» Task requirements:
Give the lines again exactly as they appear below, from the line with "Allen Goff's Brewster" to the line with "Damage 2: Body: Body", both included, and only those lines. Leave every picture out.

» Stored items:
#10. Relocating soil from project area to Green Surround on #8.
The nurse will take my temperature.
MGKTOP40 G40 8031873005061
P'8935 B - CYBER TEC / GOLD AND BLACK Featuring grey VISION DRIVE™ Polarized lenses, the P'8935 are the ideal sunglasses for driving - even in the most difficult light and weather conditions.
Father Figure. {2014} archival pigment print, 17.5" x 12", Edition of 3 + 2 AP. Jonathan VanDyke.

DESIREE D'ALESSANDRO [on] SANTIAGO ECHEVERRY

...

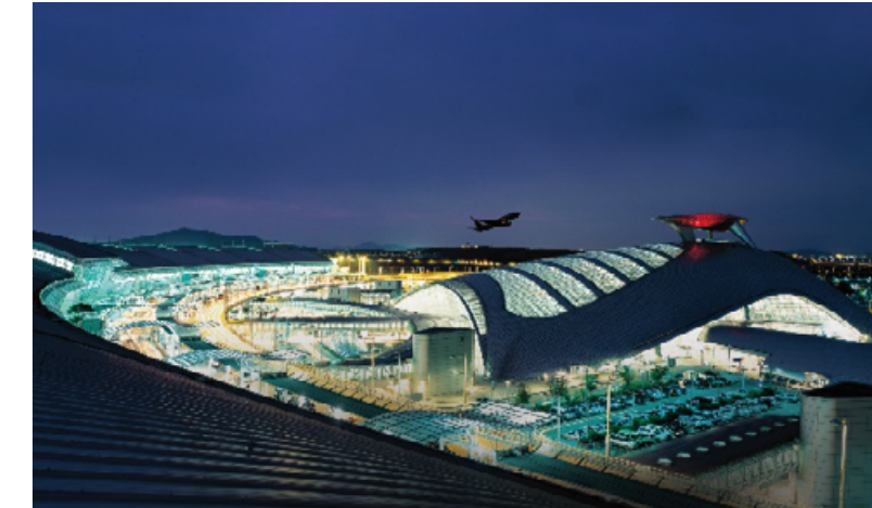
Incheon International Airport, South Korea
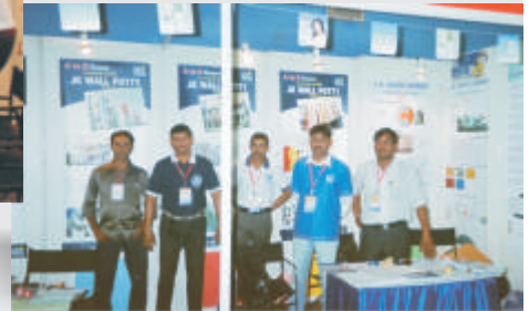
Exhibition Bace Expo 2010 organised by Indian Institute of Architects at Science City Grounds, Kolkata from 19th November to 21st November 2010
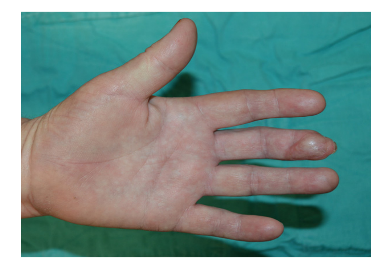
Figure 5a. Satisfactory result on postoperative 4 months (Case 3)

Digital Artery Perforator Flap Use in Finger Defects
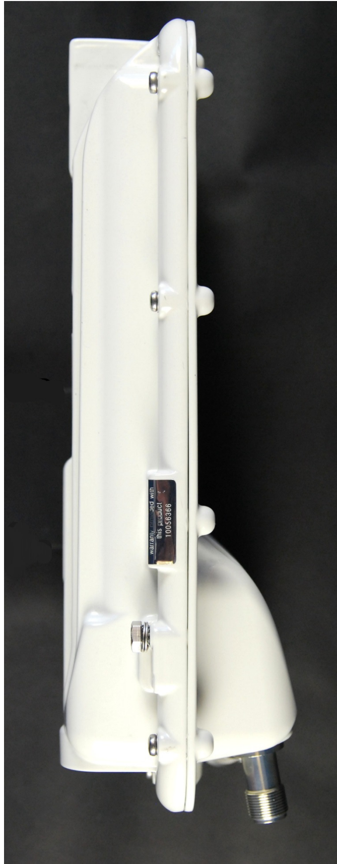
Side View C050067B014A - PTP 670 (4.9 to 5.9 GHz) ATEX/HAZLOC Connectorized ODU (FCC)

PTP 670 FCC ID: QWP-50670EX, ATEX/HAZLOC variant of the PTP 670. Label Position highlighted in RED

--

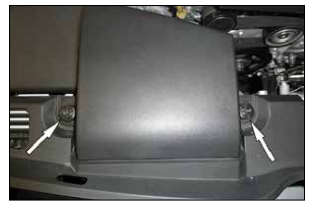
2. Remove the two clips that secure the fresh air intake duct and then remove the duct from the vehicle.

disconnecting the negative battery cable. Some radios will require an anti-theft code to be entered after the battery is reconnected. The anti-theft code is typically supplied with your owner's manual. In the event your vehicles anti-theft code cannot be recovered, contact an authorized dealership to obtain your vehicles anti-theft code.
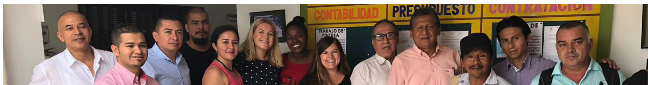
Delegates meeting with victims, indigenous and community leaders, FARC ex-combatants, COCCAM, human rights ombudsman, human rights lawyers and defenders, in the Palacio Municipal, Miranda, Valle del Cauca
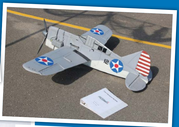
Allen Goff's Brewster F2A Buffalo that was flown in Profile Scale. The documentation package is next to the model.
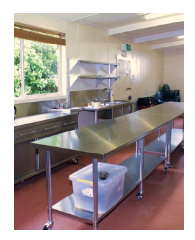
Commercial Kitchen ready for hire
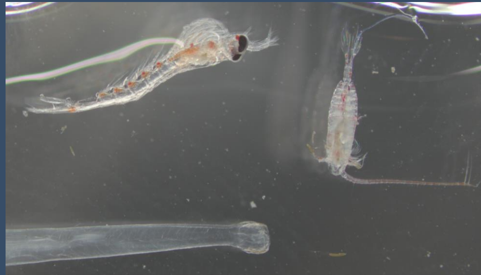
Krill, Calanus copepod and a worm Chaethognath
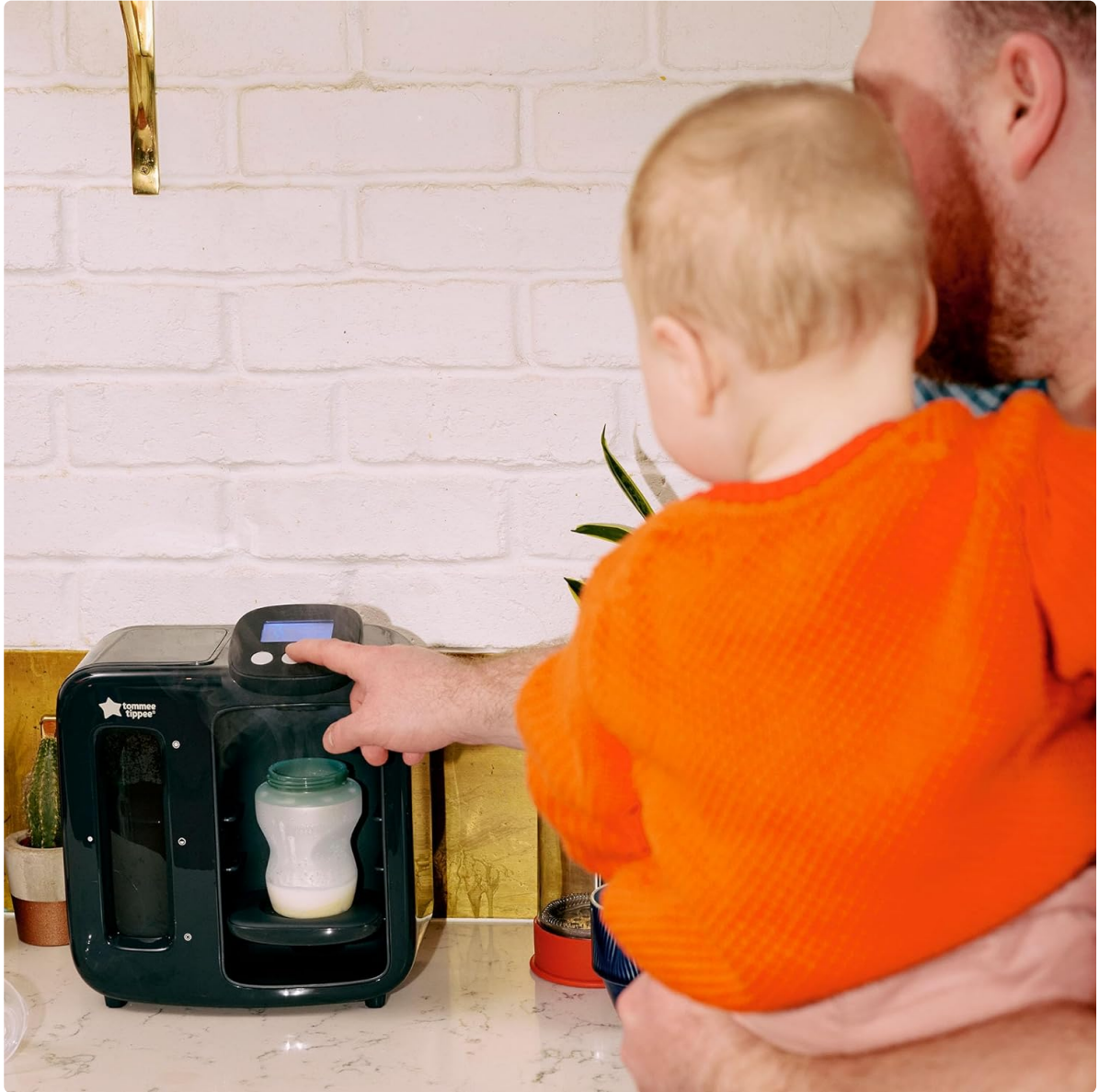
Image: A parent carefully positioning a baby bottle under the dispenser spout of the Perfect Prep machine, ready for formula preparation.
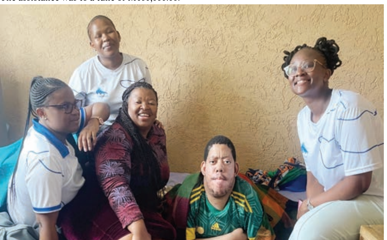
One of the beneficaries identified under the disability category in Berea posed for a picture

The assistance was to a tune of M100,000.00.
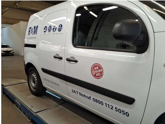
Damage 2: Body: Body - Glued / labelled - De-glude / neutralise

» Answer to this problem:
Allen Goff's Brewster F2A Buffalo that was flown in Profile Scale. The documentation package is next to the model.
Commercial Kitchen ready for hire
Krill, Calanus copepod and a worm Chaethognath
Image: A parent carefully positioning a baby bottle under the dispenser spout of the Perfect Prep machine, ready for formula preparation.
One of the beneficaries identified under the disability category in Berea posed for a picture

The assistance was to a tune of M100,000.00.
Damage 2: Body: Body - Glued / labelled - De-glude / neutralise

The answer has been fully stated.